Materials provided:
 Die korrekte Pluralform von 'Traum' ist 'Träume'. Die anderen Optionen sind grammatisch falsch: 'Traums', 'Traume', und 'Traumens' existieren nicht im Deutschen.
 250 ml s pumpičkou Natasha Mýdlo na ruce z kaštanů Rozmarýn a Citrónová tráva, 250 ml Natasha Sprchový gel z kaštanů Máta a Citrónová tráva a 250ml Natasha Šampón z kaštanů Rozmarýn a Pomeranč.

--

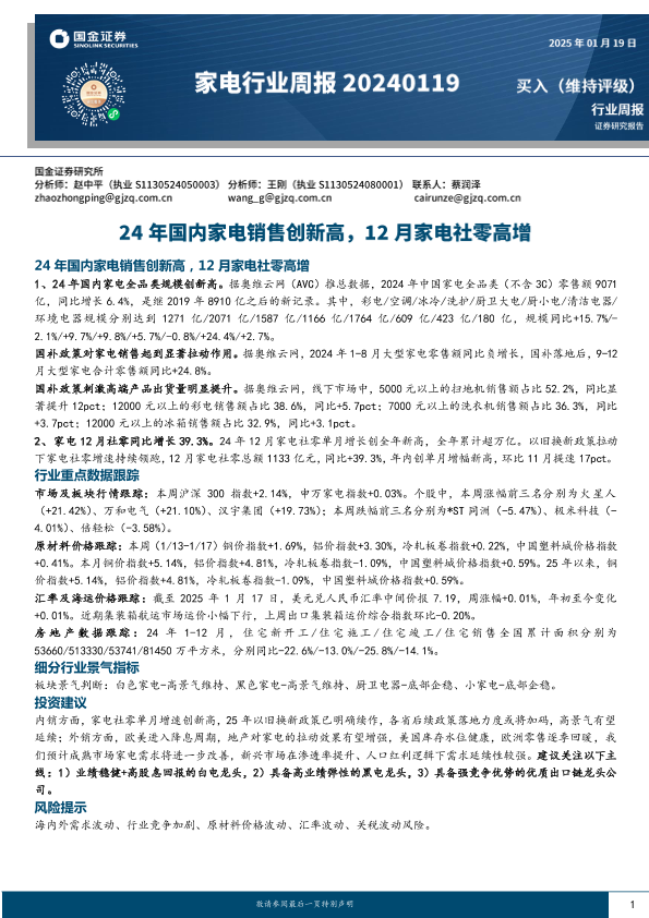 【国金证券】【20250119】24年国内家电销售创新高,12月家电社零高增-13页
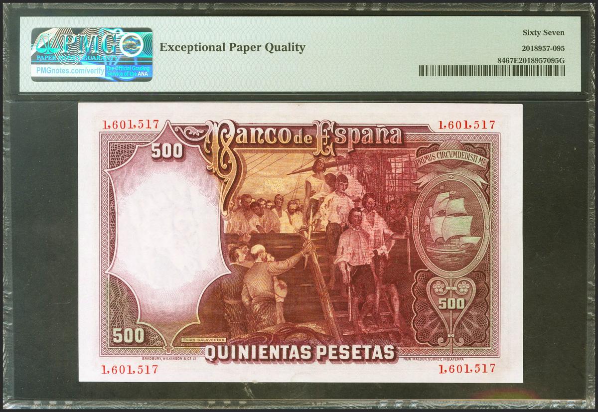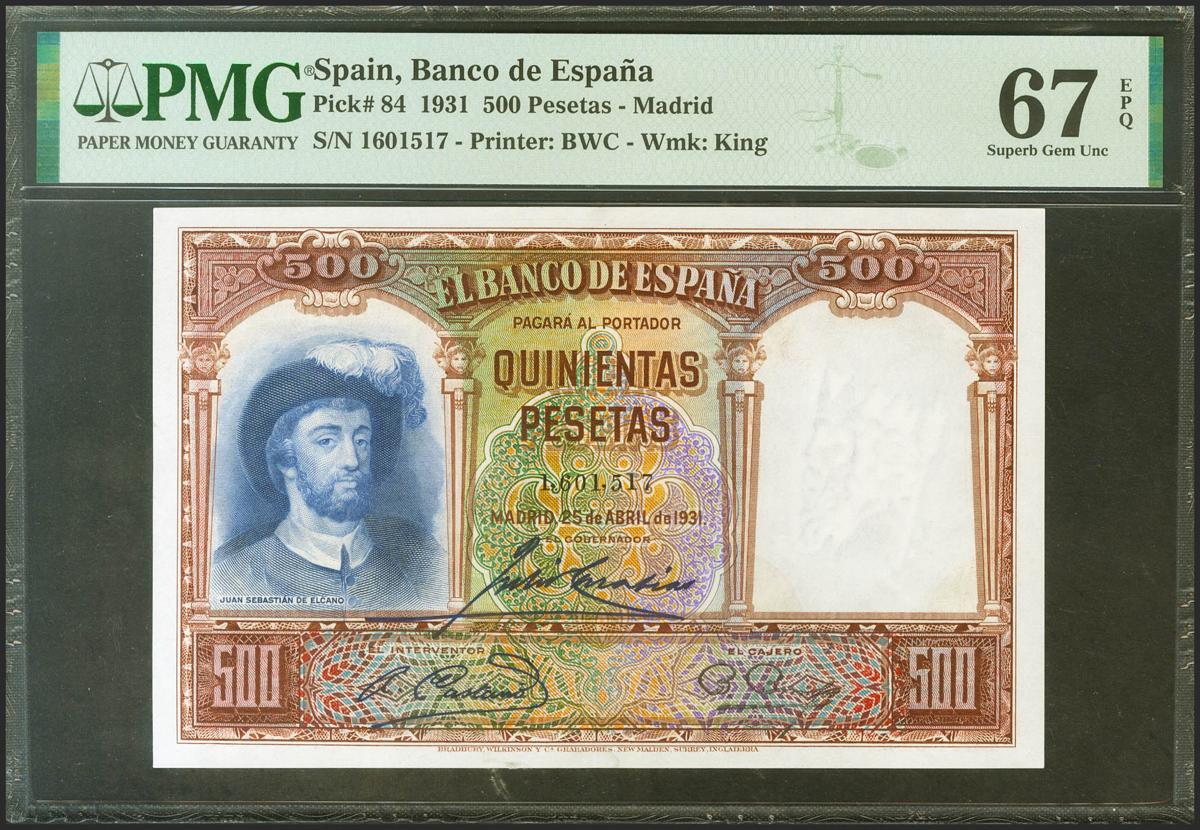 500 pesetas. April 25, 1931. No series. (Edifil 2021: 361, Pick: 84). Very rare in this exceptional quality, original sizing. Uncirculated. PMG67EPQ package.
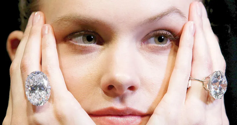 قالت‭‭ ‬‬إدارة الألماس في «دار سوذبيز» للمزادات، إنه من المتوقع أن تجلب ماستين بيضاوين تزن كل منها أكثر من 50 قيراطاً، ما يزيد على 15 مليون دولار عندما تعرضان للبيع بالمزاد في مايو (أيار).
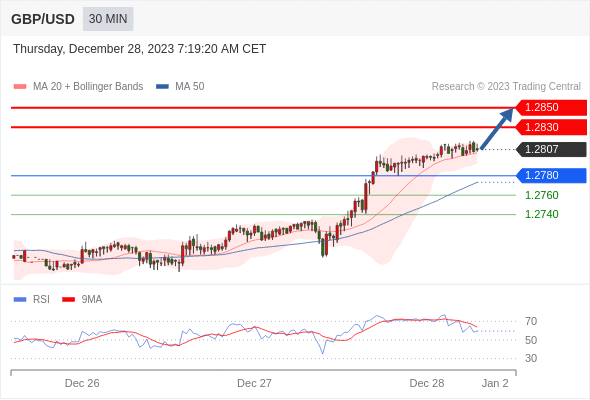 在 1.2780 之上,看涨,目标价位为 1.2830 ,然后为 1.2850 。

What to work on:
Look above for the line that contains "Die korrekte Pluralform". Starting there, transcribe every line exactly until you have copied the line that contains "250 ml s pumpičkou".

Solution for this task:
 Die korrekte Pluralform von 'Traum' ist 'Träume'. Die anderen Optionen sind grammatisch falsch: 'Traums', 'Traume', und 'Traumens' existieren nicht im Deutschen.
 250 ml s pumpičkou Natasha Mýdlo na ruce z kaštanů Rozmarýn a Citrónová tráva, 250 ml Natasha Sprchový gel z kaštanů Máta a Citrónová tráva a 250ml Natasha Šampón z kaštanů Rozmarýn a Pomeranč.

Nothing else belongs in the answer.